According to Varthlokkur's wishes, the Old Man, as Lord of Fangdred, married them later that day. Marya went through the ceremony in a daze, unable to grasp her good fortune. Varthlokkur, however, saw it all with a cynic's eye, in schoolmaster's terms. He needed training in dealing with women. Marya would serve.

Yet he treated her perfectly from that day forward. She, not bright, counted herself fortunate-though there were times he unwittingly caused her sadness.

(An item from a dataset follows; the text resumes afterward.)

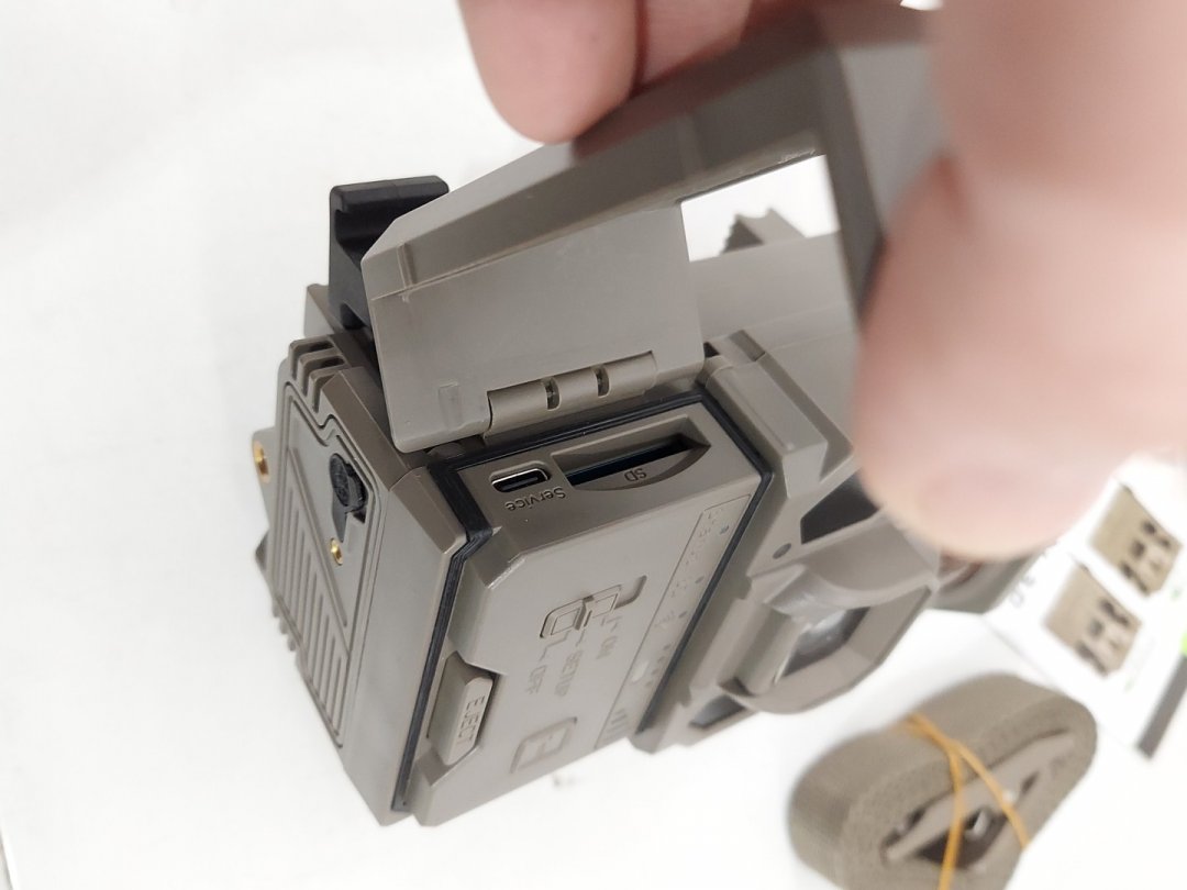 Item arrived appearing new with minor damage to the box, to confirm function staff removed the items from the box to test for basic power & function. Please note that this item only works via cellular network in the US but the item can still be used in canada with the app or locally by using the SD card.

Varthlokkur, a man despite the darkness upon his soul, did conceive an affection for her as time passed (rather as a man for a faithful pet), though never did it rival the feeling he had for she downtime. He permitted Marya no children for a long time, and then only when he saw that the lack was crippling her very soul. She bore him one child, a son.

They would grow old together, and eventually Marya would pass on. But during her lifetime Marya would witness the early moves in the Great Game begun the day of her marriage.

Seven years elapsed after the wedding. Early in the eighth the child was born, brown and round like his mother, with her quietness, and, from the sparkle of his eyes, blessed (or cursed) with his father's intelligence.

One cold winter's day, with a wind howling around the castle and snow blowing down from even higher country, with ice in places a foot thick in Fangdred's courts, Varthlokkur, the Old Man, and Marya took seats in the chill chamber atop the Wind Tower, watching the mirror. The wind rose with time, screaming like souls in torment. An unpleasant day for a birth. Another birth, overwhelmingly important to Varthlokkur.

The mirror presented a peek into a faraway room, deep in the heart of another wind-bound tower. In Ravenkrak, cold and stark as Fangdred, harsh as a weathered skull, home of the Storm Kings. A new member of that family was to arrive. A girl-child.